### AVAILABLE DATA
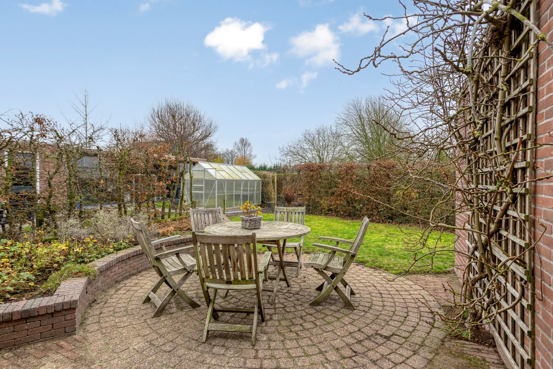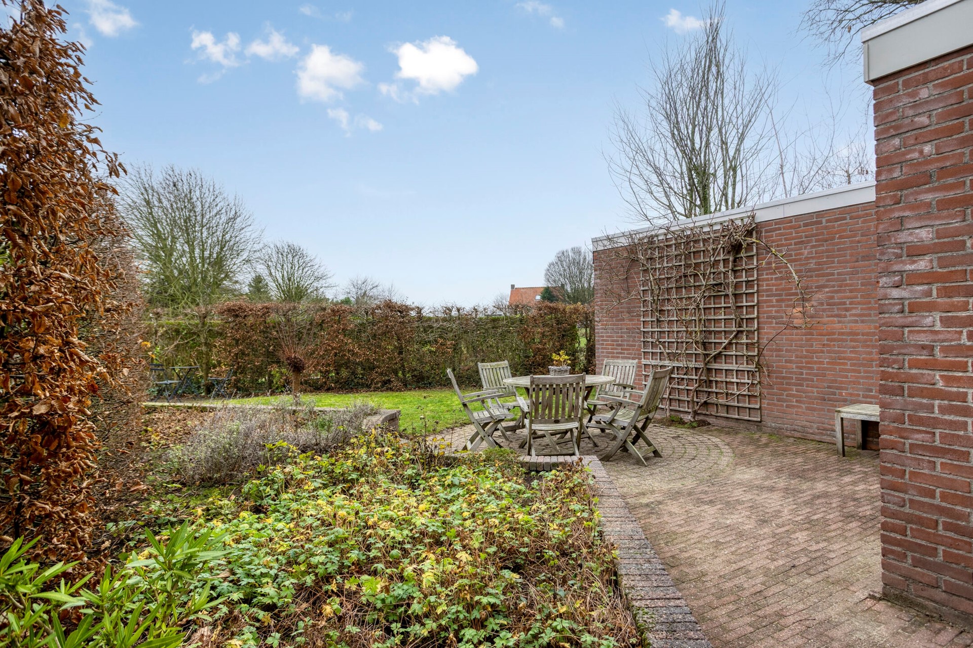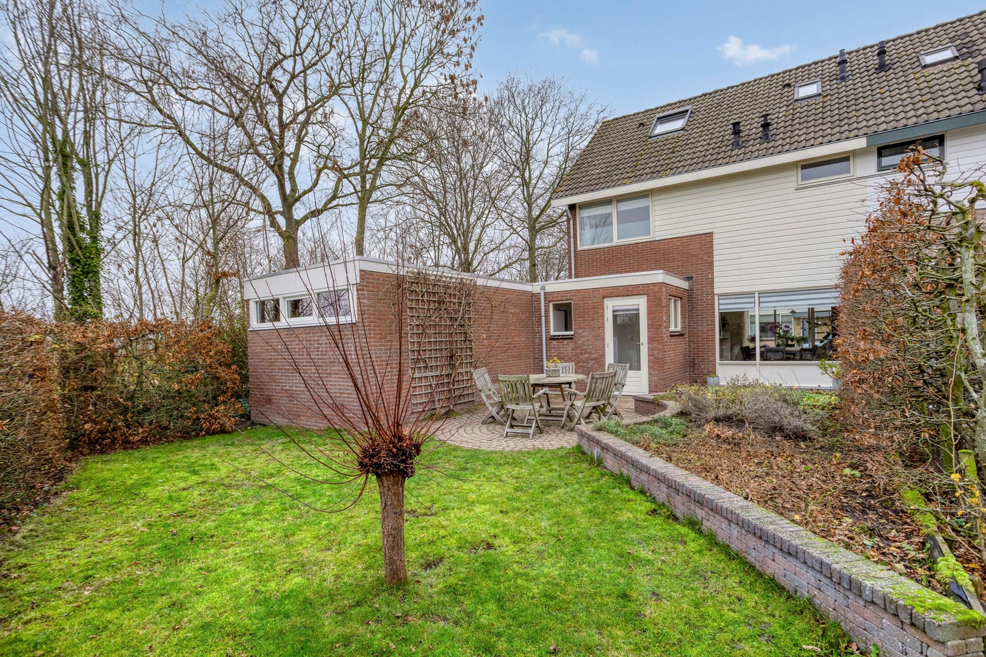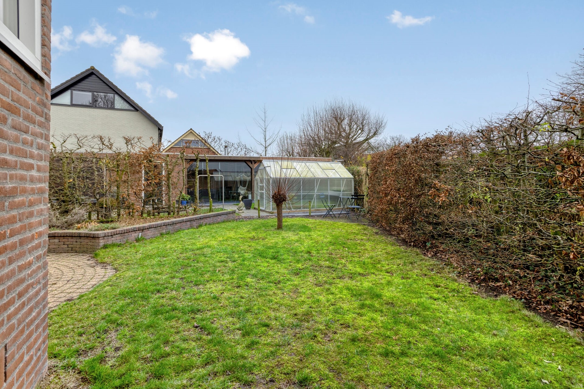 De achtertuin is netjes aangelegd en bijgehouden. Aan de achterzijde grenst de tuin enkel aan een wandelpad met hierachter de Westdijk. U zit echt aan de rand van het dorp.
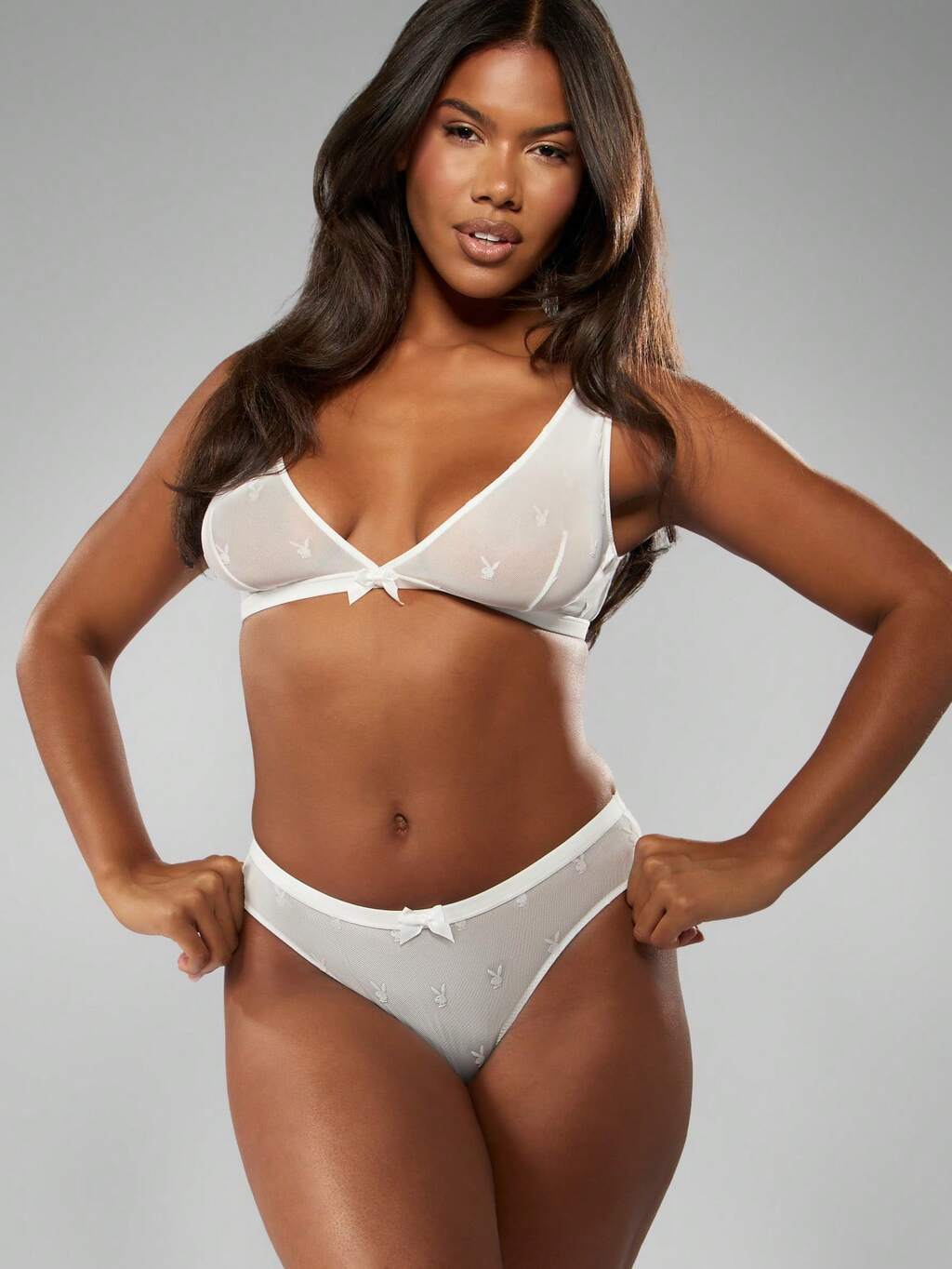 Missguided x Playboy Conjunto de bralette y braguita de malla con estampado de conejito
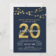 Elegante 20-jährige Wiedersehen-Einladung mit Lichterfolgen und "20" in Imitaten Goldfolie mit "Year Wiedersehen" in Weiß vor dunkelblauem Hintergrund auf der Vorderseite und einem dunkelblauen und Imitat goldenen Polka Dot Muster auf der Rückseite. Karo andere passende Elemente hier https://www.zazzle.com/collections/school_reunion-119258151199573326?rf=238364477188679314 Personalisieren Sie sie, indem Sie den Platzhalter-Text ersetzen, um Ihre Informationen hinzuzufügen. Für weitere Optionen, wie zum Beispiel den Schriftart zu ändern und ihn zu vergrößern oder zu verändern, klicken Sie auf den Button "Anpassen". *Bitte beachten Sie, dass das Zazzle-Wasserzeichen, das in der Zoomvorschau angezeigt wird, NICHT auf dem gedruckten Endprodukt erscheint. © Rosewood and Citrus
* * *
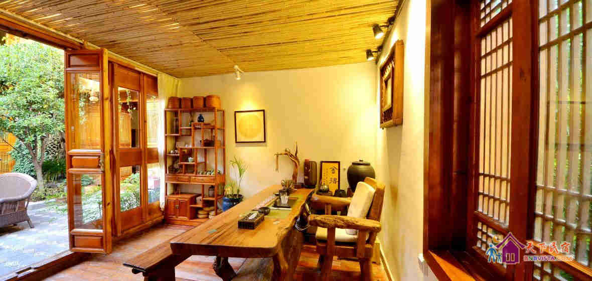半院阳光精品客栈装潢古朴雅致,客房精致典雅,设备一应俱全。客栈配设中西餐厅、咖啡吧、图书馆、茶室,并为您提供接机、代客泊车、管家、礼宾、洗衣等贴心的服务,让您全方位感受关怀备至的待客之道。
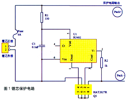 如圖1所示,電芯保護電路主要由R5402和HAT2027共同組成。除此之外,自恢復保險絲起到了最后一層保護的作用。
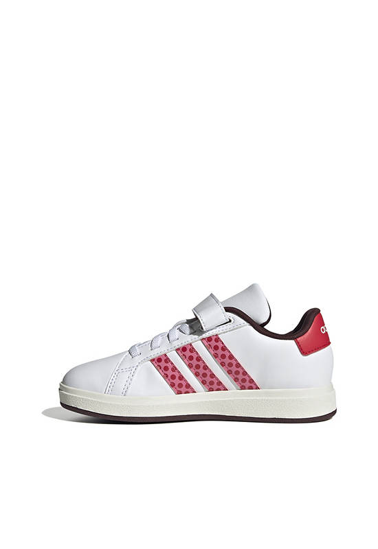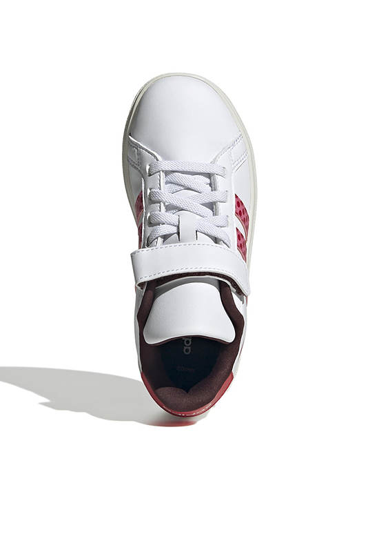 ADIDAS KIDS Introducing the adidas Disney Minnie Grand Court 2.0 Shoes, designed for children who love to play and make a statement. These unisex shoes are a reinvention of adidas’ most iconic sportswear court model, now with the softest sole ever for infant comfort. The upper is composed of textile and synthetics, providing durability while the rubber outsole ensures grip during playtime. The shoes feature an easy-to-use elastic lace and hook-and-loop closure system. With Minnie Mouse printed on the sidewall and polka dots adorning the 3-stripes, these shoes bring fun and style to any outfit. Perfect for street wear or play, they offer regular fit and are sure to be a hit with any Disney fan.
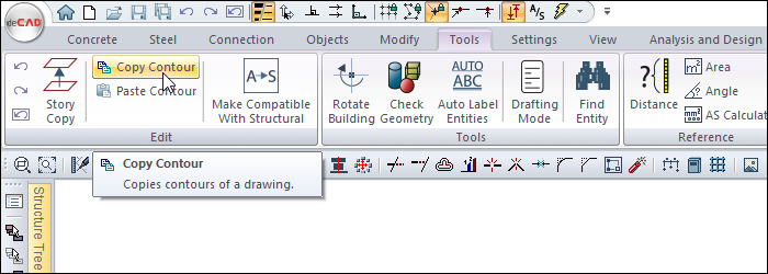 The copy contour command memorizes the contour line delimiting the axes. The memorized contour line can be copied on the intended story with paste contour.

### WORK ORDER
From the records above, write out exactly the lines that begin at the line with "Missguided x Playboy" and end at the line with "Elegante 20-jährige Wiedersehen-Einladung". Pictures must not appear in the output.

### ANSWER TO THIS EXERCISE
 Missguided x Playboy Conjunto de bralette y braguita de malla con estampado de conejito
 Elegante 20-jährige Wiedersehen-Einladung mit Lichterfolgen und "20" in Imitaten Goldfolie mit "Year Wiedersehen" in Weiß vor dunkelblauem Hintergrund auf der Vorderseite und einem dunkelblauen und Imitat goldenen Polka Dot Muster auf der Rückseite. Karo andere passende Elemente hier https://www.zazzle.com/collections/school_reunion-119258151199573326?rf=238364477188679314 Personalisieren Sie sie, indem Sie den Platzhalter-Text ersetzen, um Ihre Informationen hinzuzufügen. Für weitere Optionen, wie zum Beispiel den Schriftart zu ändern und ihn zu vergrößern oder zu verändern, klicken Sie auf den Button "Anpassen". *Bitte beachten Sie, dass das Zazzle-Wasserzeichen, das in der Zoomvorschau angezeigt wird, NICHT auf dem gedruckten Endprodukt erscheint. © Rosewood and Citrus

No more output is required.